The assignment doesn’t specify tasks. You can describe the tasks that you have in mind with your design rationale. But overall, the viewer should get a sense of which routes have choices of airlines.
Graph Problem 2 - Getting there from here
With the top 105 airports, there are only 8 airport pairs that require 3 flights to get between. Of the 105*105/2 city pairs, 4305 (39.4%) have direct flights, and 6607 (50.5%) can be reached with 2 flights (one stop). Madison happens to be one of those cities with a place that requires 3 flights to reach.
(in case you’re wondering, I did have co-Pilot write me a program to solve the all-pairs shortest path problem)
Create a visualization that shows how to get to all cities from Madison. (you can skip SFB - the one city that requires 3 flights).
You only need to show the “shortest” routes (in terms of number of flights). However, you should show the various different routes of the shortest length. (so if there are routes of length 2, all routes of length 2 should be shown).
Again, you can pick the tasks. More ambitious tasks can lead to more ambitious designs.
From Madison, there are 15 cities to fly directly to. There is one (SFB) that requires 2 stops (3 flights). The rest can be reached in 1 stop. If you want some data (again you are sketching - so don’t worry about the details), msn-shortest.txt has the output of Co-Pilot’s program. (it only lists one possible routing for each route).
Graph Problem 3 - Student’s Choice
Make another graph visualization of the flight network data. You pick the task. You can pick the subset of the data (if you like). You pick the design. Do something cool.
Some ideas if you’re stuck (you can come up with something more creative):
- Of all the paths between Madison and San Francisco, how do they compare in terms of reliability?
- We know we can get from Madison to (almost) all other cities with 1 stop… how do the different major airlines compare?
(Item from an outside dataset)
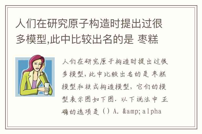 人们在研究原子构造时提出过很多模型,此中比较出名的是 枣糕模型和核式构造模型, 它们的模型表示图如下图. 以下说法中 正确的选项是 ( ) A. α粒子散射实验与枣糕模型和核式构造模型的成立没关 B. 科学家经过 α粒子散射实验否认了枣糕模型,成立了核式构造模型 C. 科学家经过 α粒子散射实验否认了核式构造模型,成立了枣糕模型 D. 科学家经过 α粒子散射实验否认了枣糕模型和核式构造模型,

For the rationale, be sure to explain your task(s) and why you think your design is good for it. Contrast it with the “baseline” designs (the standard route map and the matrix view).
Critiques
To keep in the flight data theme, we will ask you to critique 3 designs from design exercise 5-2. There will be separate instructions on how to do this (you will access the 3 designs by the web and submit the critiques using a web form). Some of your critiques will be critiquing other students (and those critiques will be provided to them) to help them improve.
Grading
There are 9 parts. Each will be scored on a 0-10/11/12 point scale (so getting all 10s gets an A). We might give high As (11) or A+ (12) for things that are truly exceptional.
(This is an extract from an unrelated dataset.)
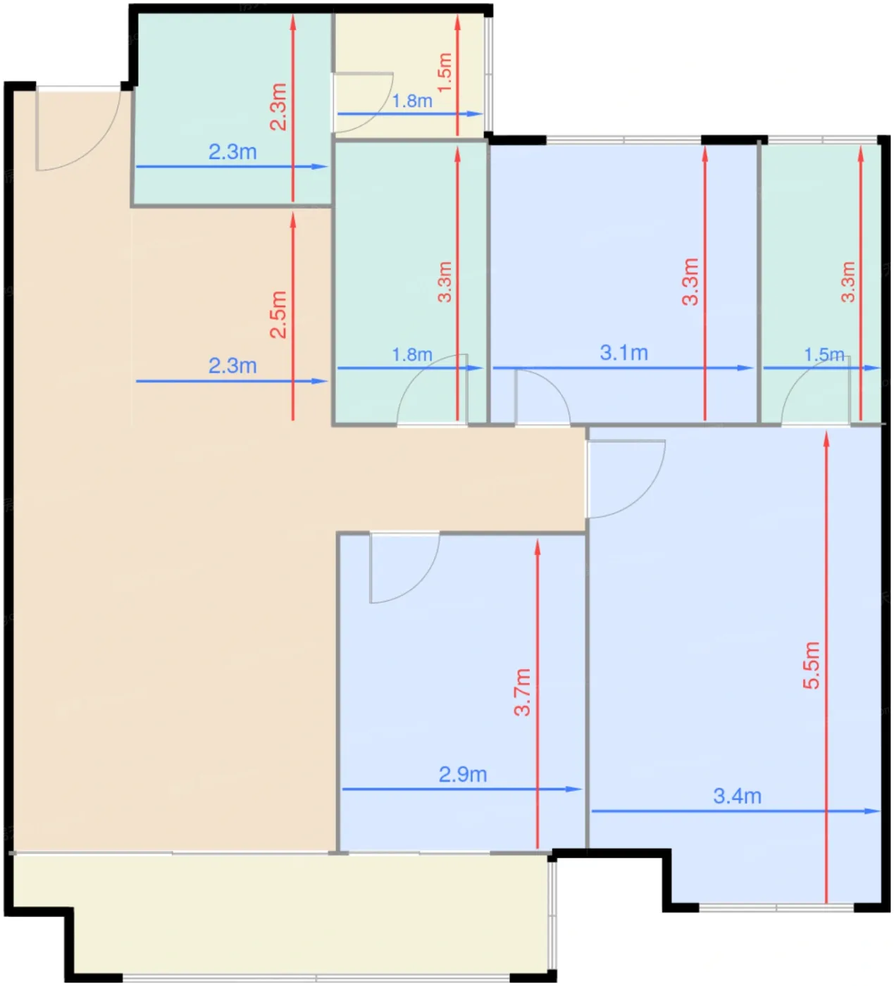 | 卧室C | 10.5 | 2.9 | 3.7 | 良好 |

Our focus is on the ideas in the design - not necessarily your artistic abilities in creating them.
- 9 (B) - a reasonable design with a complete explanation and rationale
- 9.5 (AB) - the design shows some thought and creativity to address the task, or thoroughness in the explanation and rationale.
- 10 (A) - the design shows some thought and creativity to address the task, and thoroughness in the explanation and rationale.
- 11 (A+) - the design has clear creativity with clear rationale
For the critiques, you will get 3 points for each critique that is sufficient, and +1 (or more) for providing useful insights that either explain the excellence of the design, or can help the designer understand what is going wrong.
Mechanics
The sketches will be turned in as a Canvas Survey: Design Exercise 6-1: Design Exercise 6-1: Glyphs and Graphs and Sets (due Fri, Nov 21). For each of the 8 sketches, you will upload a file and provide the rationale in a text box.
The critiques will use a different mechanism for distribution (via the web) and turning in the critiques. We will make an announcement for details.
GenAI Disclosure:
I used GitHub co-pilot to write program for me (using either the GPT-5 or Claude Sonnet 4.5 models).
I had co-pilot write various scripts to analyze the data and the graph/set structure.
I had co-pilot write programs to make various visualizations (including the maps shown here).
I asked Gemini for hints of getting Tableau to make the graphs that I wanted.